May 21, 2012

Arizona Must Continue Offering Benefits to Same-Sex Partners of State Employees

Last Tuesday, the Ninth Circuit upheld an injunction that blocked an Arizona law that would have eliminated health care benefits for same-sex partners of state employees.

Before 2008, health insurance benefits for dependents of Arizona state employees were available only to the spouses and children of those employees. In April of 2008, then-Governor Janet Napolitano implemented a change to the definition of “dependent” to include men and women who live with but are not married to state employees. This expansion of benefits to same-sex and opposite-sex domestic partners increased the State’s health insurance costs by approximately $3-4 million in 2008-2009 and over $5 million in 2009-2010, according to court documents. Therefore, in an effort to reduce state expenditures, Arizona Governor Jan Brewer signed a bill in September 2009 that eliminates dependent coverage for non-spouse domestic partners of state employees whether they are of the same or the opposite sex. A group of gay and lesbian state employees filed suit in federal district court, claiming that the law violated their constitutional rights.

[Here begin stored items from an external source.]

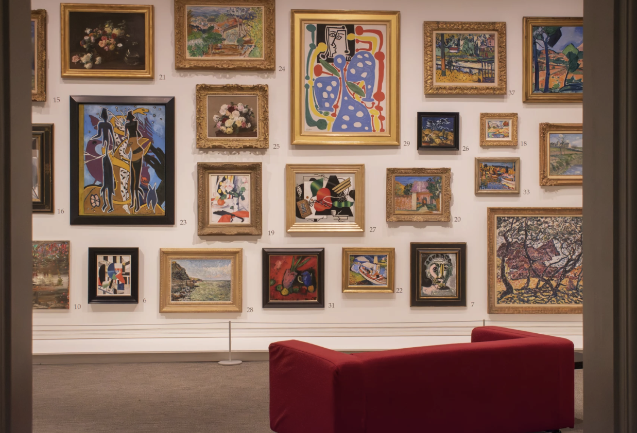 On the opposite side of the room, a magnetic reproduction of the gallery is available for visitors to make their own arrangements of the works of art.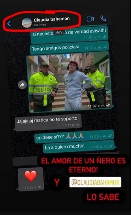 El humorista que además es amigo de Claudia Bahamón, le escribió, “Si necesita apoyo, de verdad avisa. Tengo amigos policías. Cuídese, la quiero mucho”, y al lado una imagen que mostraba Hassam junto a dos policías.
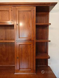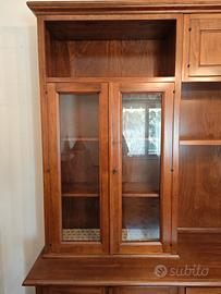 Bellissimo mobile per soggiorno in noce americana. Composto da vetrina, libreria, cassettiera, antine. Misure: H 228cm, larghezza 260cm, profondità massima 53cm. Tenuto perfettamente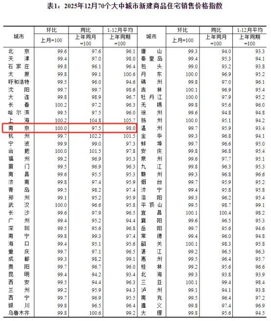 国家统计局数据也印证了“止跌回稳”的态势:1月19日,国家统计局公布的数据显示,南京2025年12月新房价格环比持平,继2025年11月微涨后,南京新房价格继续止跌回稳。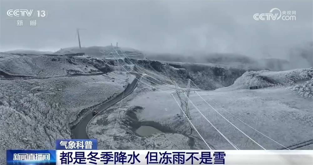 r降水形态复杂多样,是低温雨雪冰冻天气常见的特征之一,每当冻雨和雪一起出现,难免让人混淆。冻雨和雪虽然都是冬季降水,但形成过程和形态却不一样。雪是高空云层中的水汽直接凝华成的冰晶,落到地面时还是疏松的固体;但冻雨是过冷却水滴,从高空落下时温度低于0℃,一旦碰到电线、树枝、地面等物体,会立刻冻结成光滑的冰层,引起电网覆冰、道路积冰等。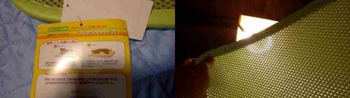 ビビッと直感が働いて、あとはトイレ砂を買いだめしたり、水やり用の器を新調したり。精算済ませて家に帰って、早速マットをチェックします。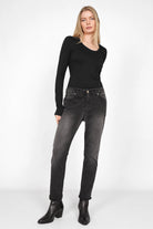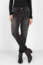 Eine Boyfriend-Jeans in Faded Black Waschung. Locker geschnitten mit leicht zulaufendem Bein. Weicher Denim mit Stretchanteil für mehr Beweglichkeit. Du kannst sie sowohl lässig hochkrempeln oder entspannt lang tragen.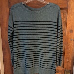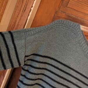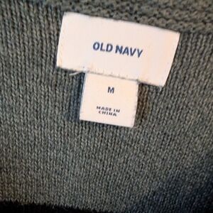 This Old Navy sweater features a classic crew neck design with a stylish green and black striped pattern. Made from a comfortable knit material, it offers a relaxed fit perfect for cooler weather. The long sleeves and medium-weight fabric make it an ideal choice for casual outings.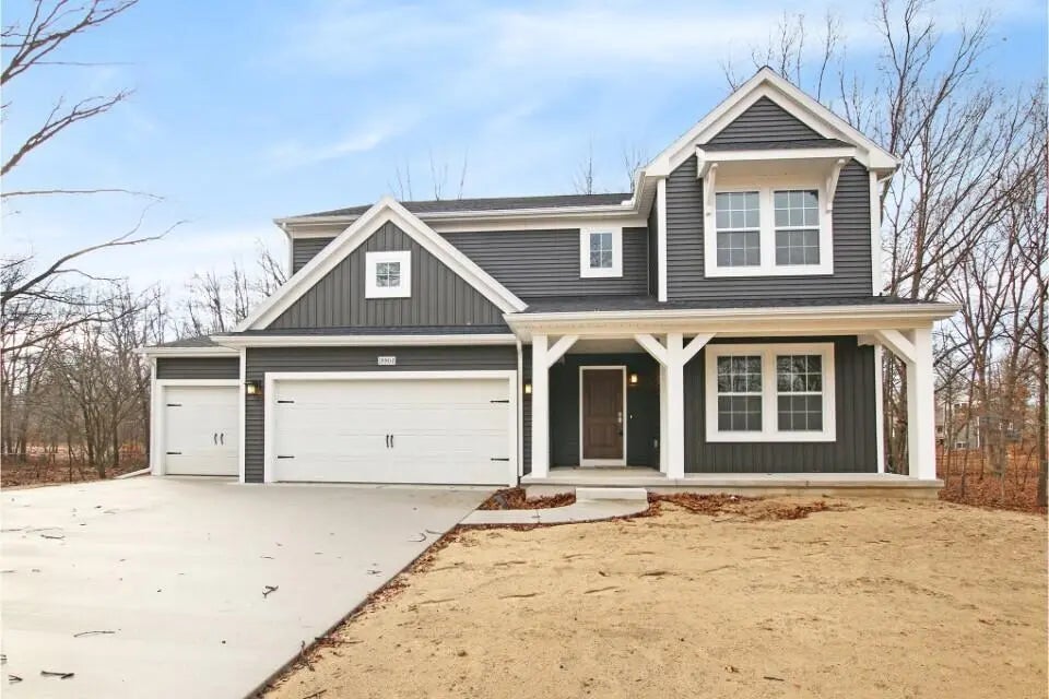 MOVE-IN-READY New construction home in Applegate Pines, located in Portage school district. RESNET energy smart construction will save owner over $1000 yearly plus home has 10-year structural warranty! This stunning home features 4 bedrooms, 2.5 baths, 3.070 sqft of living space, upgraded finishes and wood laminate flooring throughout the entire first floor. The grand foyer opens to the den with French door entry, powder room and closet. Moving through the home, find a mudroom with a large storage closet off the garage. Step into the spacious open concept main living space where the kitchen, nook & great room offer open sight lines to optimize efficiency and cohesion. The kitchen includes a 72 inch island with extended edge, quartz counters accented by tile backsplash and white cabinetry. The kitchen also features a large pantry and a butler pantry. The large great room features an abundance of natural lighting from 3 windows. The second floor includes four bedrooms - each with a walk in closet, laundry room and full bath with separate vanity access. Relax in the primary suite with private bath and walk in closets. Home is located on a daylight site, which includes three daylight windows in unfinished basement. Homes in the market average being 15 years old with 500 sq. ft. less space.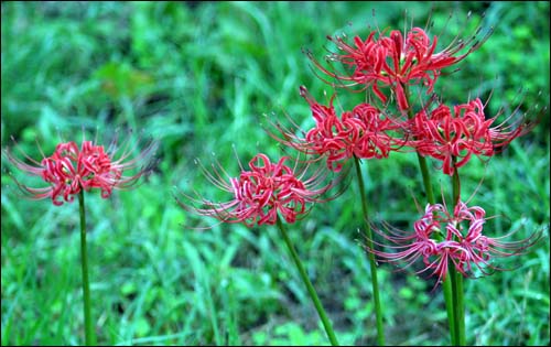이른 시간인데도 공원에서 운동을 하는 마을주민들이 제법 많다. 4년만에 다시 찾은 상림공원은 너무나 다른 모습이다. 예전에는 주차장도 없었는데, 이제는 넓은 주차장에다 주민들을 위한 운동기구와 관광안내소, 매점까지 들어서 있다. 그리고 주차장 주변에는 식당들도 많이 들어서 있다. 연잎이 무성한 연못도 보인다. 그리고 예전에는 볼 수 없었던 꽃무릇이 화려한 자태를 뽐내며 숲속의 한켠을 차지하고 주인공 행세를 한다.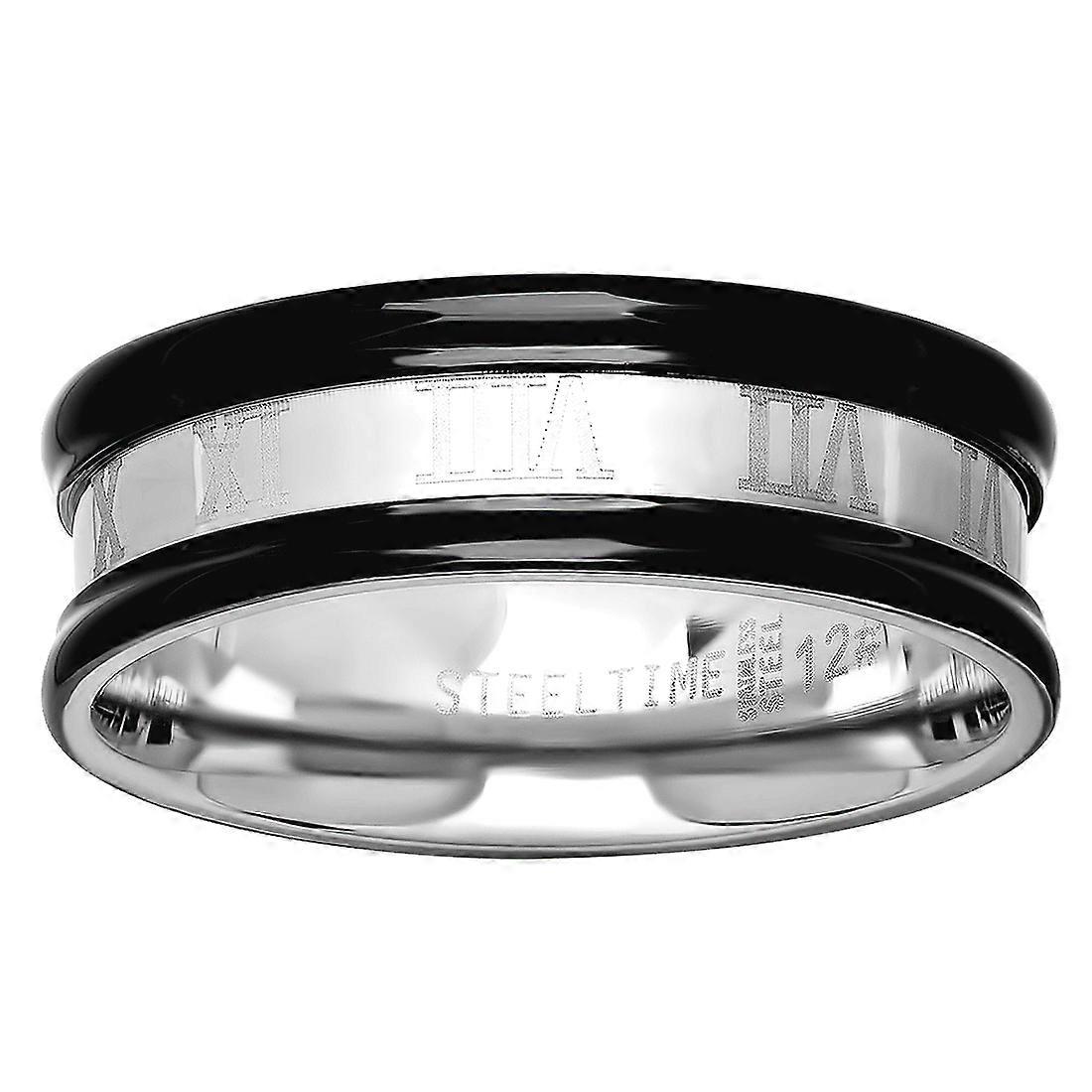 Stainless Steel Mens Two-tone Concave Roman Numbers Black Edges Comfort-fit Band Ring Wedding Band for Men - Ring Size:

The State argued that the policy was neutral because it treated all unmarried employees equally. The district court agreed that the law was not discriminatory on its face because it affected both same-sex and opposite-sex couples, but held that the law had a discriminatory effect because opposite-sex couples could retain their health coverage by marrying, but same-sex couples could not due to a constitutional amendment in Arizona defining marriage as a union between a man and a woman. As a result, the district court granted a preliminary injunction temporarily barring the State from enforcing the law against gay and lesbian state employees and their domestic partners.

The State appealed the ruling, arguing that an across-the-board elimination of domestic partner benefits does not violate the constitution because state employees and their families are not constitutionally entitled to health benefits. The Ninth Circuit agreed, but noted that “[w]hen a state chooses to provide such benefits, it may not do so in an arbitrary or discriminatory manner that adversely affects particular groups that may be unpopular.” Essentially adopting the district court’s equal protection analysis, the Ninth Circuit upheld the district court’s ruling. For now, Arizona will have to continue offering health care benefits to same-sex domestic partners of state employees until there is a full trial on the merits.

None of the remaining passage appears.